Living Building Challenge Series: Registration and Just Label
We firmly believe that a diversity of voices in our studio and design processes creates a richness that we're passionate about protecting and fostering. Our Corporate Social Responsibility committee is eager to issue our 2024 report, outlining our efforts to create an equitable and diverse workplace that acts as a force for good in the world and values, promotes, and supports its people. We're proud of the work we've done thus far, and motivated to recognize, address, and work on our shortcomings.
Our studio aims to reflect and act on our organization's social, moral, and environmental obligations, to ensure our collective efforts represent our values, and to move our practice towards a more responsible architecture that brings greater purpose and impact to our work.
In 2024, Feldman Architecture earned a Just Label certification. To complete this in-depth, self-reporting process, we spent a year reviewing and discussing our studio’s operations and policies, reflecting on where we wanted to focus our efforts and allocate resources to create a more equitable practice.

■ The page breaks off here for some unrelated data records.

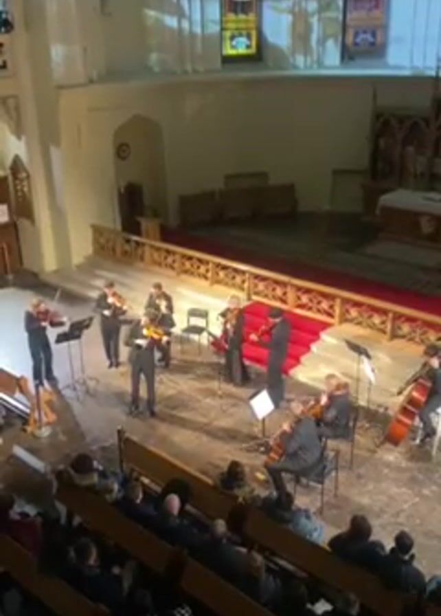 A wide shot shows a string ensemble performing in what appears to be an old church, playing to a seated audience
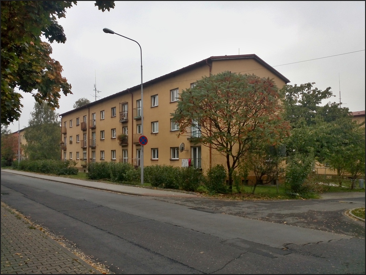 Pánové přeji příjemné skoro poledne. Pes se zlobil, že jen ležím v posteli, že v posteli lidi umírají, tak jsem s ním zašel na pravidelné kolečko. Cestou jsem cvaknul domy postavené po světové válce, v době dvouletého plánu, pro dělnictvo ve válcovnách a v mostárně. Připravuje se zateplování, tak ještě nějakou dobu sloužit svému účelu budou.
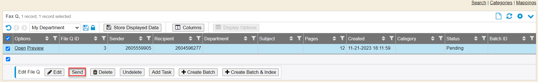 - Add a Category description to group by a recipient group/department or other identifier (which allows for filtering within the file queue), instead of remembering a specific number to filter by. Select the Recipient from the drop down and click the “Save” button.
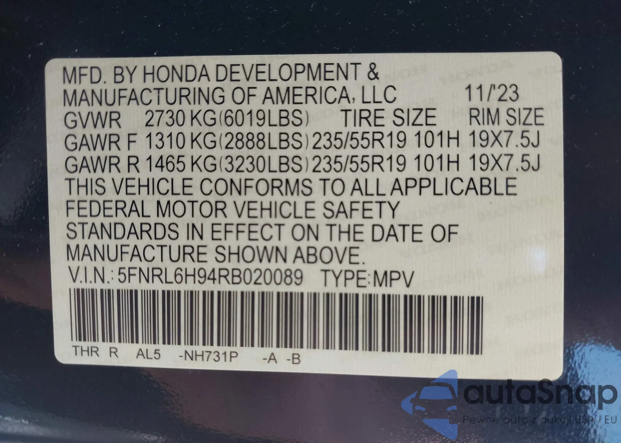 VIN: 5FNRL6H94RB020089

The Just Label, run by the International Living Future Institute, functions similarly to a nutrition label that scores organizations on socially just and equitable operations and policies. As a voluntary disclosure tool, it’s a transparency platform for organizations to disclose specific information about their operations, from employee demographics and benefits to financial and community investments.
The score for each Just indicator ranges from 0-4. To receive score of 1, the organization needs to have a policy written specifically addressing the indicator and its requirements, while each subsequent point raises the bar substantially. Receiving a 2 in certain categories required significant discussion and policy changes, which we were excited to make. We are very proud of our Just label certification and have set 1-year and 3-year goals to continue to level-up.

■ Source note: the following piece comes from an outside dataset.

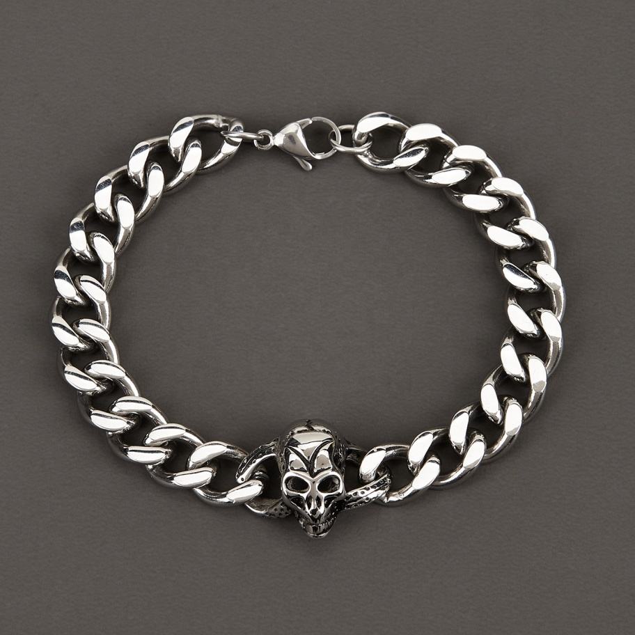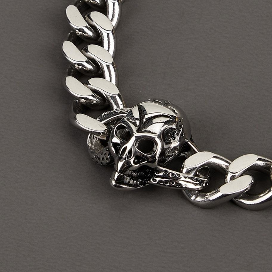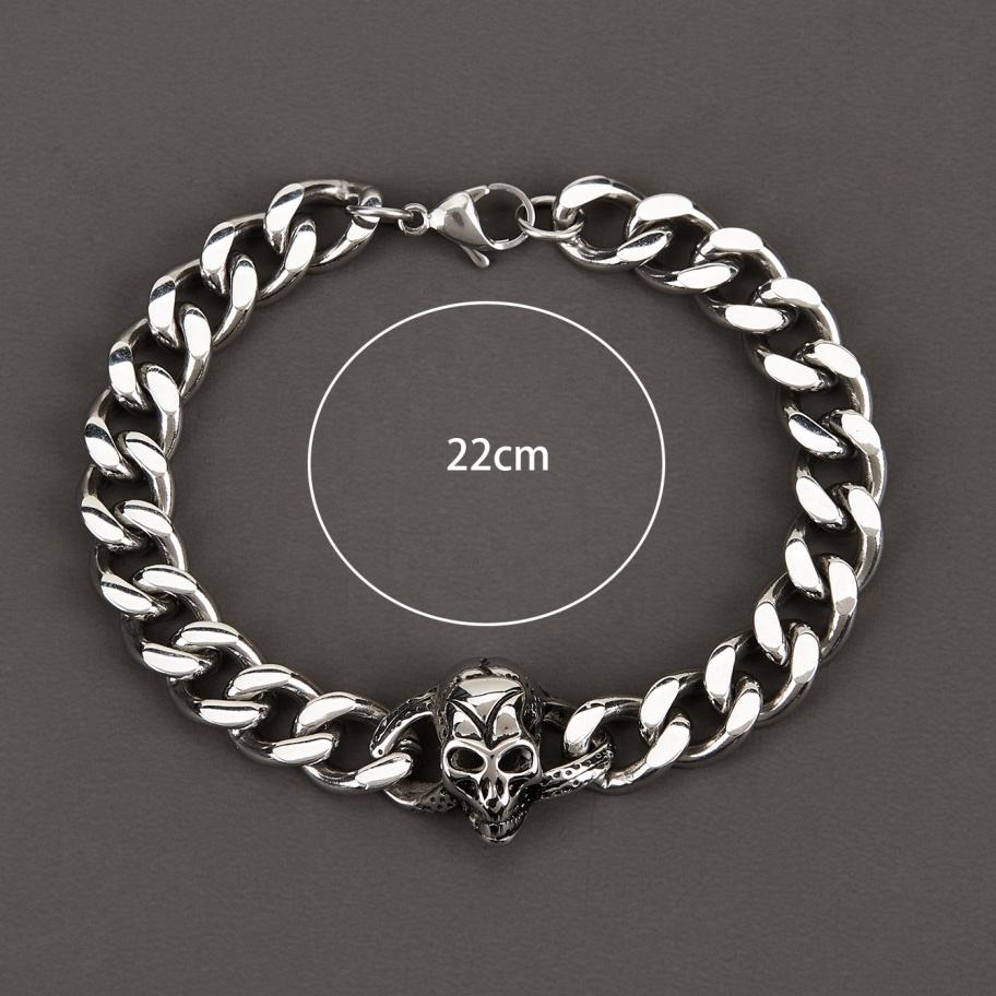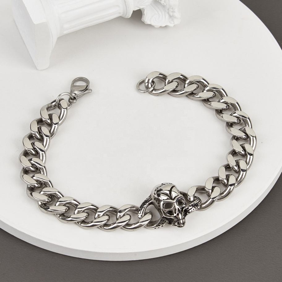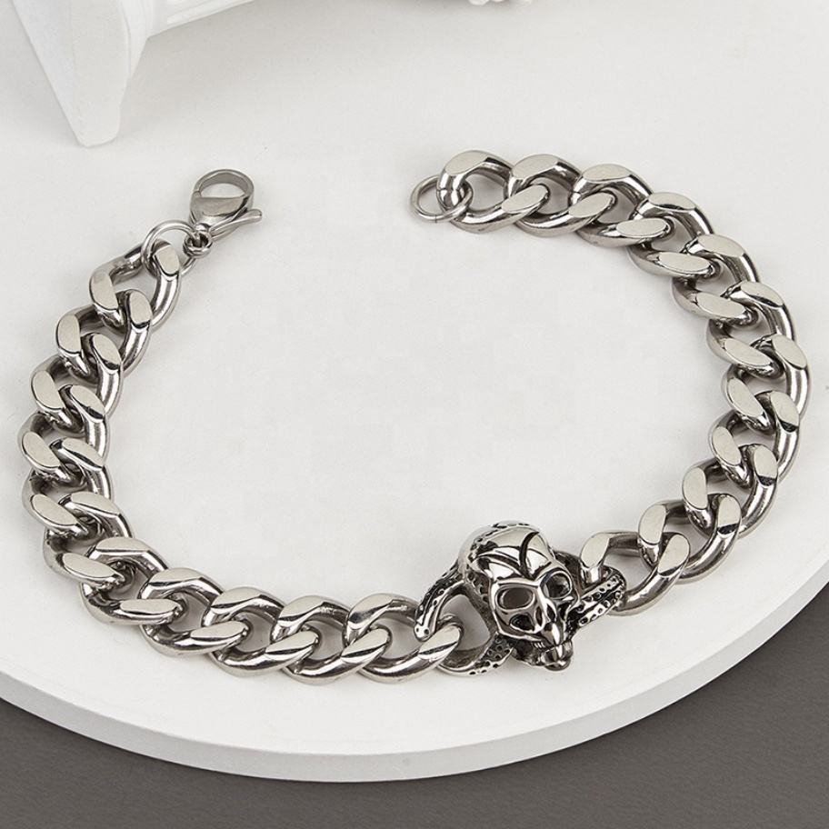 กำไลข้อมือสแตนเลสสตีลลายหัวกะโหลกแบบคิวบันลิงค์สำหรับผู้ชาย

Happy Earth Day! This year we’re excited to add an installment to our Living Building Challenge blog series, tracking our progress with Curveball, which will aim to be our first project to achieve a Living Building Challenge certification, as well as the first residential certification at CORE level or higher in California. The Living Building Challenge is an ever-evolving certification program enacted by the International Living Future Institute, and is considered the world’s most rigorous proven performance standard for buildings. The regenerative design framework aims to create spaces that give more than they take – connecting occupants to light, air, food, nature, and community. LBC certified buildings are self-sufficient, remain within the resource limits of their site, and create a positive impact on the human and natural systems that interact with them. We hope that Curveball can serve as a case study in residential buildings that not only mitigate their environmental impact, but also are net positive and regenerative. Click here to see an interactive map of current registered and certified projects.

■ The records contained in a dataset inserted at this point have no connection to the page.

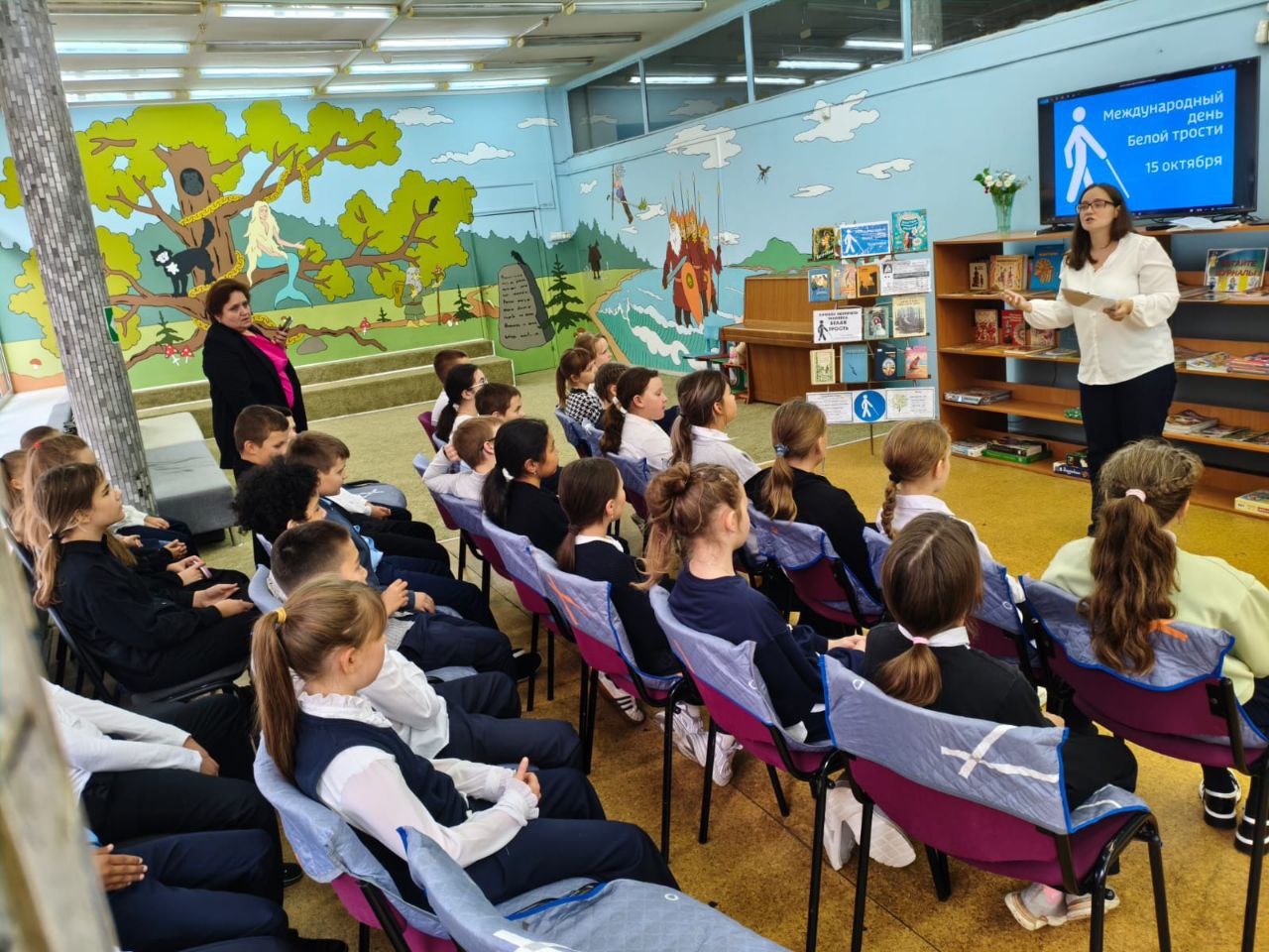15 октября отмечается Международный день белой трости. Этот день призван привлечь внимание общественности к проблемам людей с нарушениями зрения и подчеркнуть значимость поддержки и взаимопонимания в обществе. Сотрудники библиотеки провели тематический обзор "Талант не может быть незрячим!", рассказав ребятам о значении этого дня, числе незрячих и слабовидящих людей в России, а также поделившись историями известных личностей, достигших мирового признания, несмотря на полную или частичную потерю зрения.
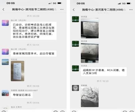 病區(qū)內(nèi),當(dāng)清晨的第一縷陽光穿透云層,心內(nèi)一科的醫(yī)護(hù)人員已是整裝待發(fā),準(zhǔn)備迎接新一天的挑戰(zhàn)。然而,這天的挑戰(zhàn)卻來得尤為“迅猛”。5時(shí)44分,醫(yī)院胸痛中心群內(nèi),張小莉醫(yī)生發(fā)送了“患者急性心肌梗死,家屬同意手術(shù),啟動(dòng)導(dǎo)管室”的訊息,陳建忠主任及介入團(tuán)隊(duì)便在介入手術(shù)室的緊密配合下,迅速開始了心肌梗死患者的救治之旅;15時(shí)38分,李洪浩醫(yī)生發(fā)送“患者急性心肌梗死,啟動(dòng)導(dǎo)管室”的訊息,16時(shí)50分,陳建忠主任再次啟動(dòng)了導(dǎo)管室......一天之內(nèi),心內(nèi)一科醫(yī)護(hù)團(tuán)隊(duì)連續(xù)搶救了8名心?;颊?!
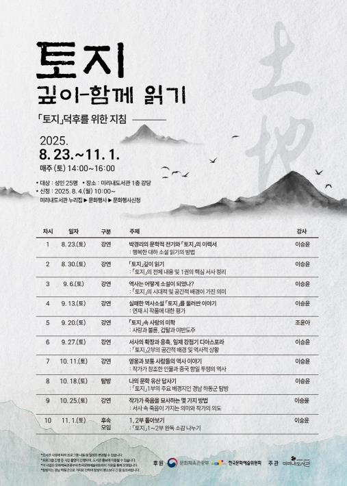 이번 프로그램에서는 소설 토지의 1부와 2부를 함께 읽으며 전체 서사와 공간, 인물 등 세부 주제에 대해 깊이 있게 이해하는 시간을 가질 예정이다. 소설 배경인 경상남도 하동군 탐방, 토지 완독 소감을 나누는 후속 모임 등을 포함해 총 10회차에 걸쳐 진행된다.

Our most recent milestone involved successfully registering the project with the ILFI as a living building – a process in which the institute scrutinizes the application, ensuring that the building’s design will at least reach the CORE certification standards, which even without obtaining additional “petals,” are extremely rigorous. A major hurdle in the approval of our application involved communicating the unique significance of the site and its surrounding community – the Santa Lucia Preserve. The Preserve is a land trust that includes 18,000 acres of protected land, as well as 2,000 acres of land strategically carved out for residential development. Once a parcel is purchased within the 2,000 acres of land dedicated to development, the owners commit to dividing the site into homeland and openland – meaning that a very small part of the site can contain a building footprint. The owners act as stewards of their own lots, with help from the Santa Lucia Conservancy, which is dedicated to the conservation of the other 18,000 acres and works to keep that land open for public use.